A good use for cars

A good use for cars

We have one car between us. We live in the country and I can’t imagine getting around without one. Public transport here is intermittent. But for twenty years living in the inner west of Sydney we didn’t own a car, and I was happy not to.

We are all know cars pollute, in their manufacture and their running. What we don’t don’t realise is how destructive they have been and continue to be. Almost 4,000 people are killed on the world’s roads every day, anda total of 50 million have died since the first victim, Bridget Driscoll, aged 44, at Crystal Palace, London, on 17 August 1896. The jury returned an accidental death verdict. The driver had been driving only three weeks at the time and had been given no instructions as to which side of the road to keep to.

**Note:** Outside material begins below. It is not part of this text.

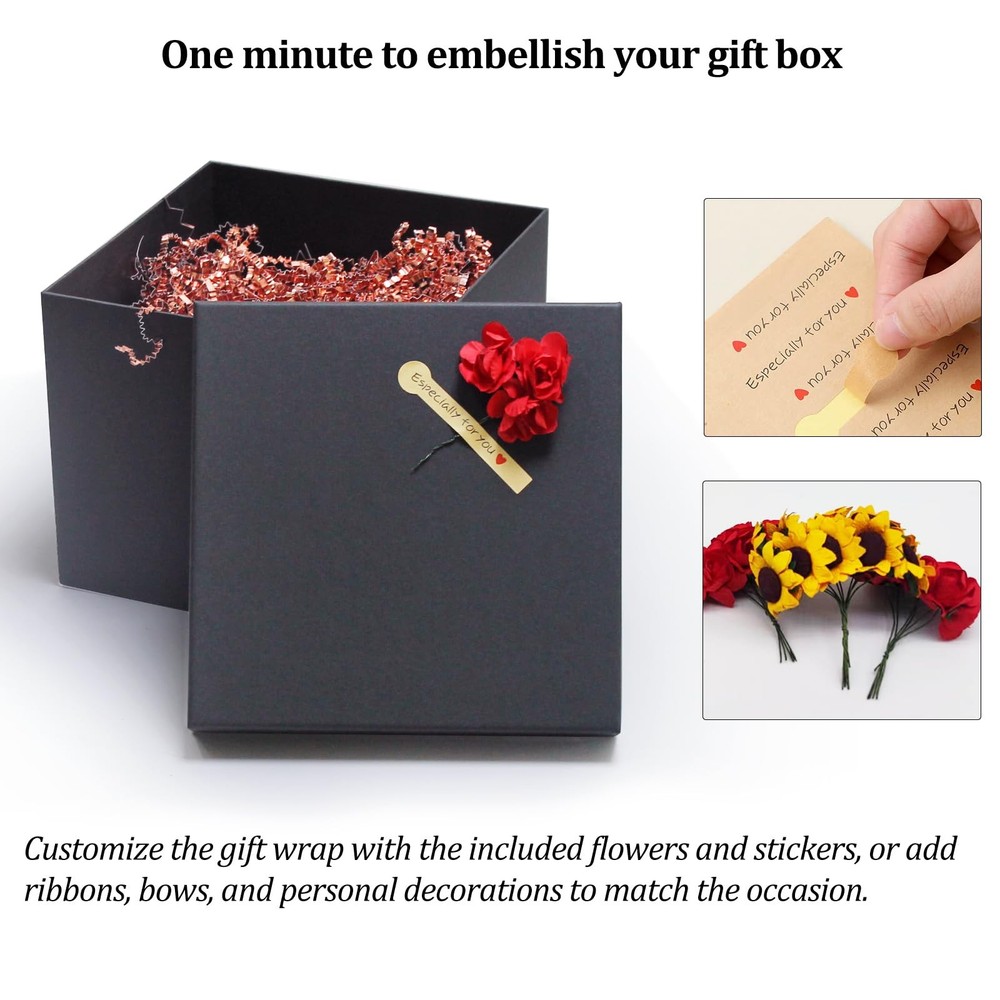 Enhance your gift-giving experience with our Premium Nested Black Gift Boxes with Lids. This set of 5 square gift wrap boxes offers a range of sizes to accommodate various presents, from small trinkets to larger items. The sizes included are: 9 x 9 x 7.2 inches, 8 x 8 x 6.5 inches, 6 x 6 x 5.5 inches, 4.7 x 4.7 x 4.7 inches, and 4.3 x 4.3 x 4.1 inches. Crafted from high-quality, sturdy cardboard, these black gift boxes ensure your gifts are securely and elegantly wrapped. Each set includes decorative paper flowers and stickers, allowing you to add a personal touch to your presents. Durable and reusable, these gift boxes are an eco-friendly choice for any occasion, whether it’s a birthday, wedding, anniversary, or holiday. Make your gifts stand out with our stylish and versatile gift boxes. Assorted Sizes Boxes for gifts: This set includes 5 nested gift boxes in sizes: 9x9x7.2, 8x8x6.5, 6x6x5.5, 4.7x4.7x4.7, and 4.3x4.3x4.1 inches; whether large or small present, these gift boxes with lids have you covered Elegant Presentation: These black gift boxes for presents are well made and beautiful; our square gift boxes come with decorative paper flowers and stickers, adding a personal touch to your gift presentation Sturdiness and Protection: Our square gift boxes for presents are made of durable cardboard; these gift wrap boxes are designed to be durable and reusable, making them a practical choice for gift wrapping Pre-Wrapped Gift Boxes with Lids for Presents: These pre-wrapped boxes are ready to use right out of the package, eliminating the need for assembly; each set includes decorative paper flowers and stickers, allowing you to customize your gift boxes for presents Perfect for All Occasions: These square gift boxes can be used for gift giving, giveaways, and packaging boxes for gifts, they are ideal for Birthday, Party, Wedding and holidays such as Halloween, Christmas, New Year, Valentine's Day, etc

In 1928 Charles Kettering of General Motors said, ‘The key to economic prosperity is the organised creation of dissatisfaction’. The commodification of society began. Under Alfred Sloane, GM introduced planned obsolescence with annual model changes, graded ranges, credit for customers and advertising campaigns – all designed to make people dissatisfied with cars they owned. GM soon overtook Ford.

I was giving a talk on ruins recently and mentioned ‘Detroit porn’ as it is called. These contemporary ruins offer schadenfreude after the excesses of cars fuelling capitalism and consumerism. These images dent self-confidence in the American dream.